Data for review:
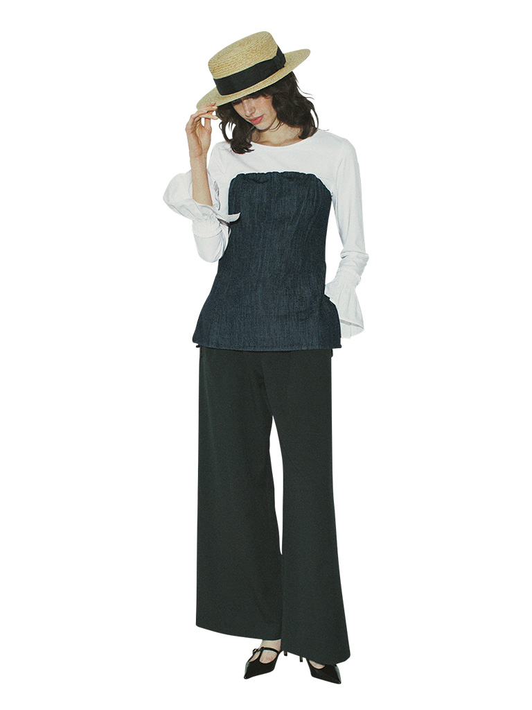 【POINT】単にキレイなだけで終わらない、洒落っ気につながる服未満のデニムの意外性。すらりとしたパンツと合わせて胸元からつながりよく脚長に。
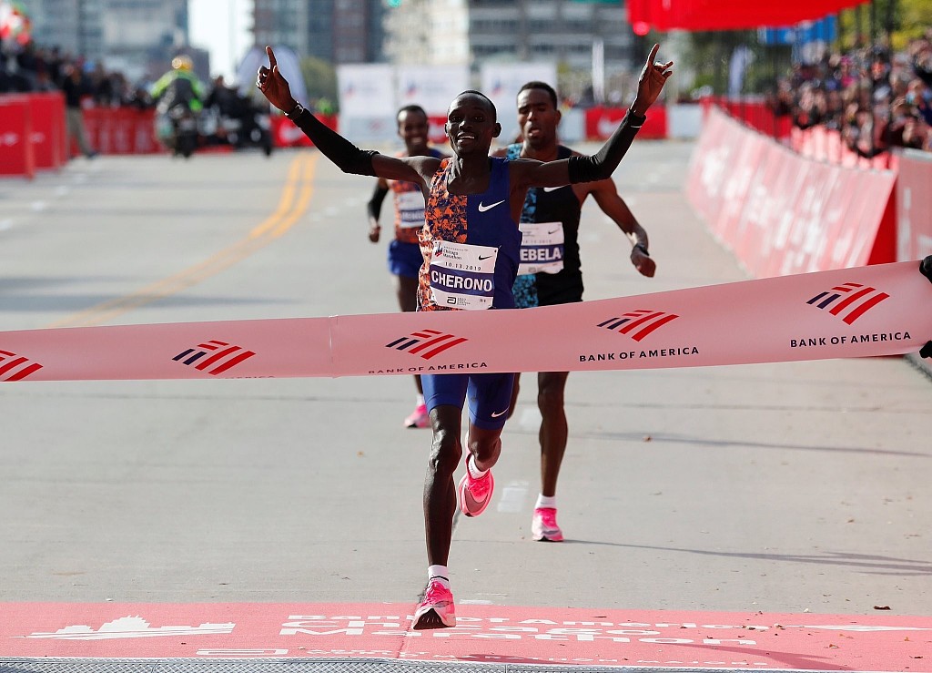 more...2019 Boston winner Lawrence Cherono made another last 400m sprint today in Bank of Chicago Marathon in a group of 4 athletes clocking 2:05:45.He was followed closely by Dejene Debela 2:05:46 and Asefa Mengstu 2:05:48.Mo Farah finished 8th in 2:09:58.
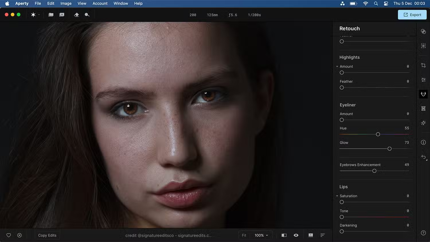 Aperty cũng có các tính năng trang điểm và định hình lại mắt. Tác giả cũng sử dụng chúng một cách tinh tế bằng cách làm nổi bật lông mày vì lông mày của người mẫu khá nhạt so với tông màu da của cô ấy. Không có sự khác biệt khi sử dụng công cụ Eyeliner.
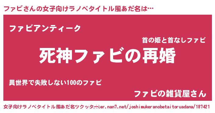 | 男性向けラノベタイトル風あだ名 | 『ノーゲーム・ノーファビ』 |
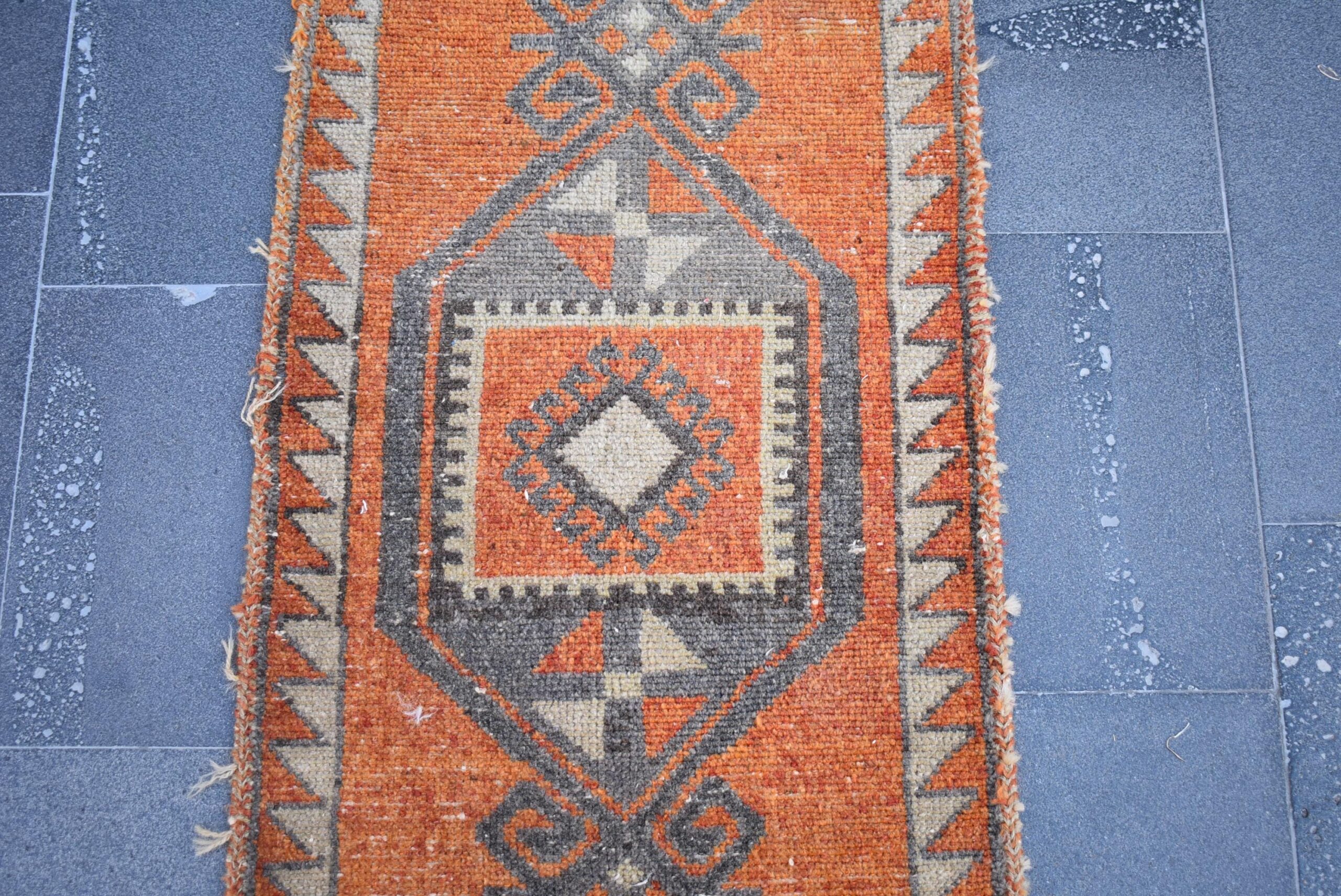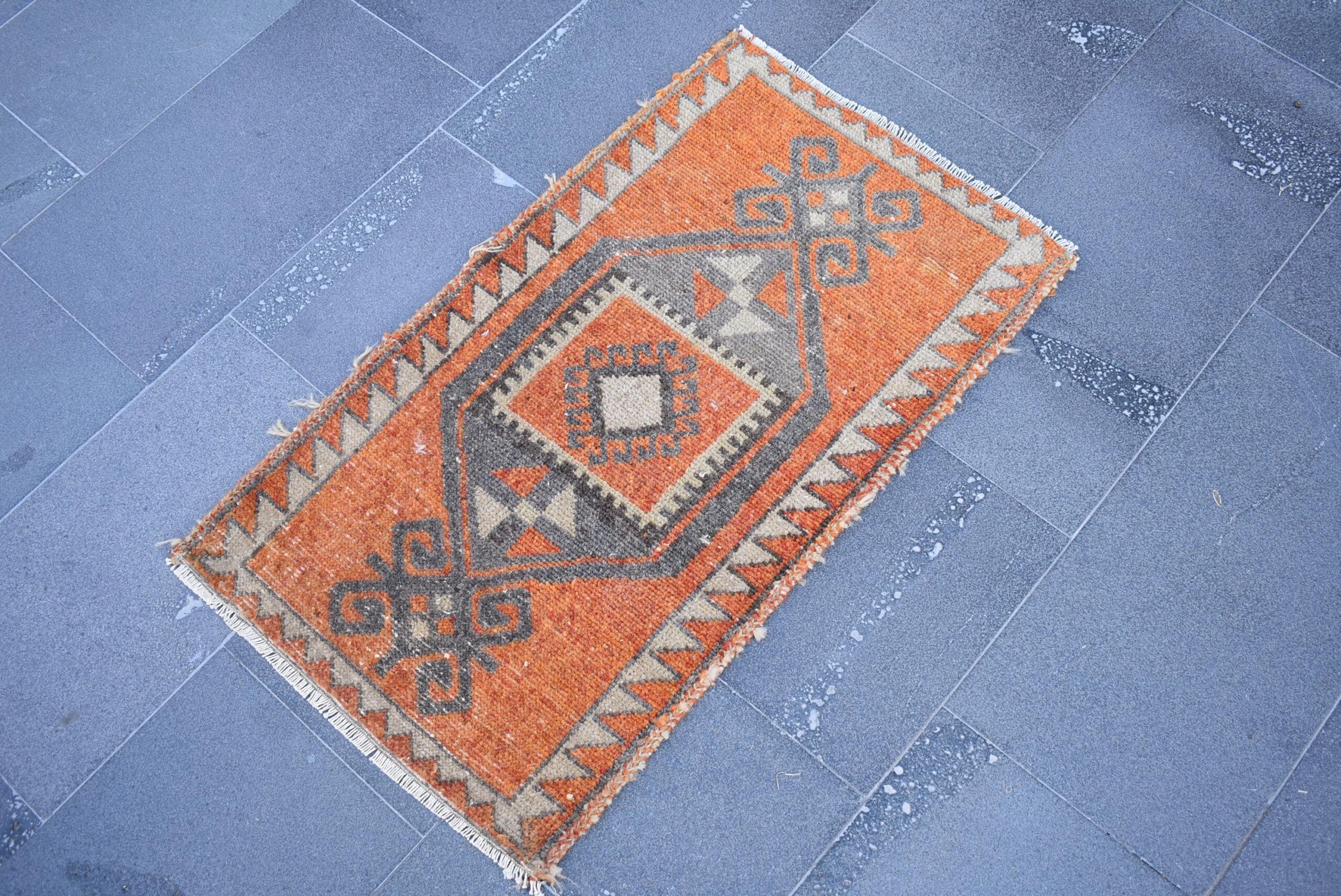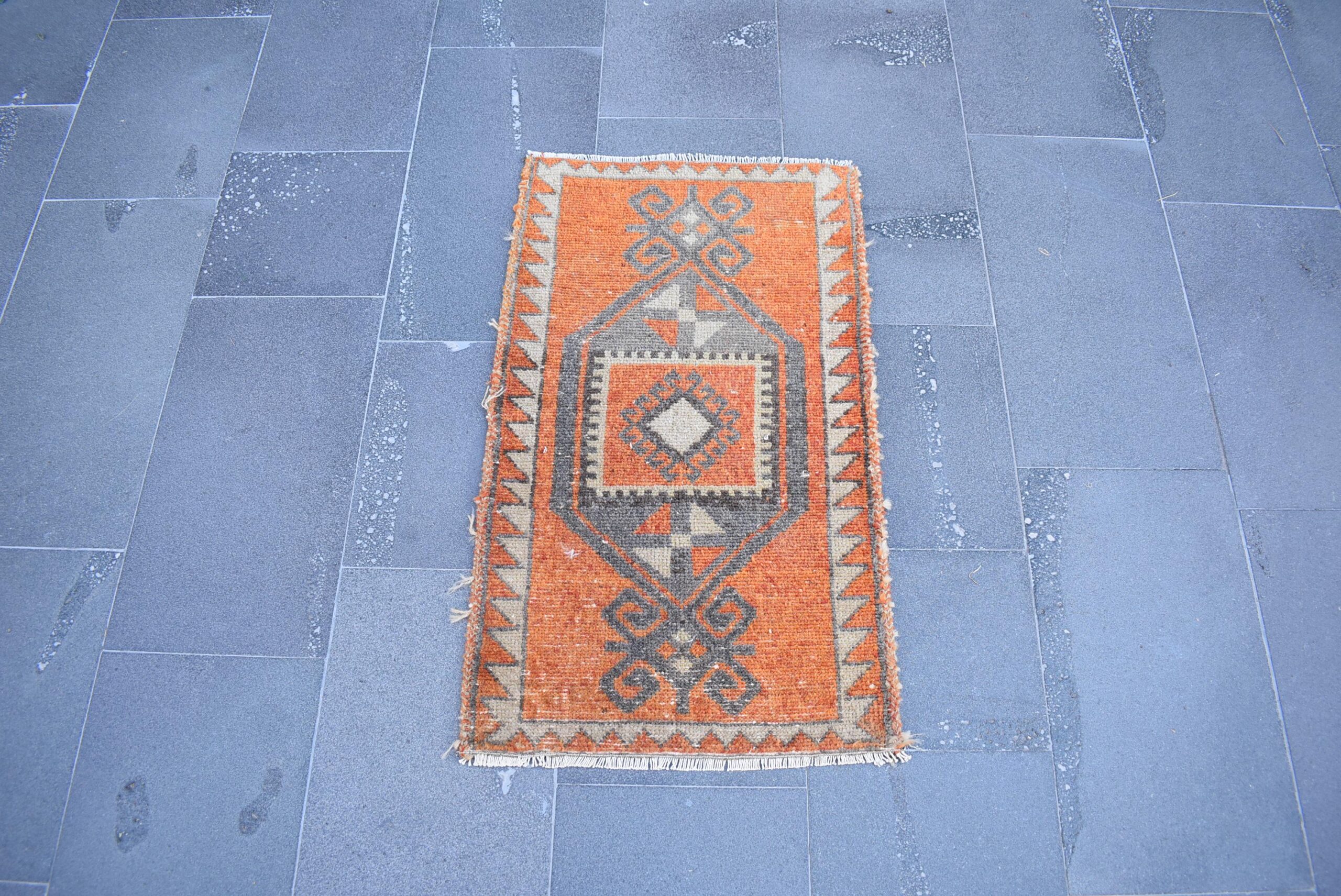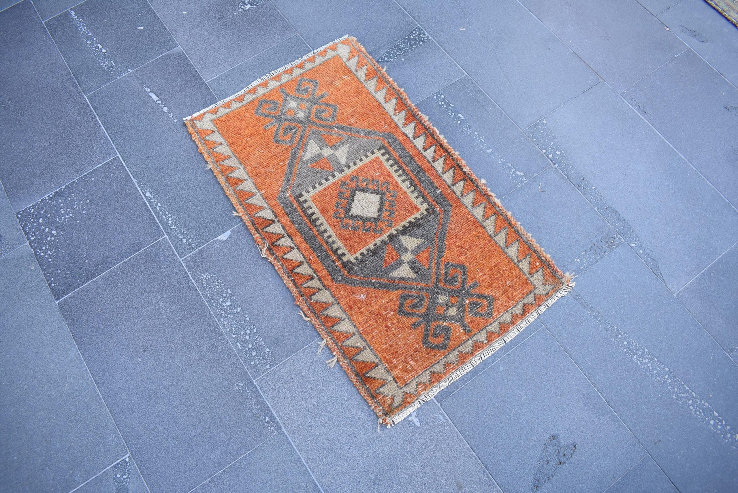 Lovely and unique 1.8 ft. x 3.1 ft. (54 cm x 94 cm) vintage Turkish rug hand-knotted in Turkey from organic wool. This is an authentic vintage Turkish rug from the 1980s that has worn beautifully to perfection.

Instructions for the task:
Say again, word for word, the lines beginning at the top of the data and ending with the line that has "男性向けラノベタイトル風あだ名 | 『ノーゲーム・ノーファビ』 |". Skip the pictures.

Your solution:
 【POINT】単にキレイなだけで終わらない、洒落っ気につながる服未満のデニムの意外性。すらりとしたパンツと合わせて胸元からつながりよく脚長に。
 more...2019 Boston winner Lawrence Cherono made another last 400m sprint today in Bank of Chicago Marathon in a group of 4 athletes clocking 2:05:45.He was followed closely by Dejene Debela 2:05:46 and Asefa Mengstu 2:05:48.Mo Farah finished 8th in 2:09:58.
 Aperty cũng có các tính năng trang điểm và định hình lại mắt. Tác giả cũng sử dụng chúng một cách tinh tế bằng cách làm nổi bật lông mày vì lông mày của người mẫu khá nhạt so với tông màu da của cô ấy. Không có sự khác biệt khi sử dụng công cụ Eyeliner.
 | 男性向けラノベタイトル風あだ名 | 『ノーゲーム・ノーファビ』 |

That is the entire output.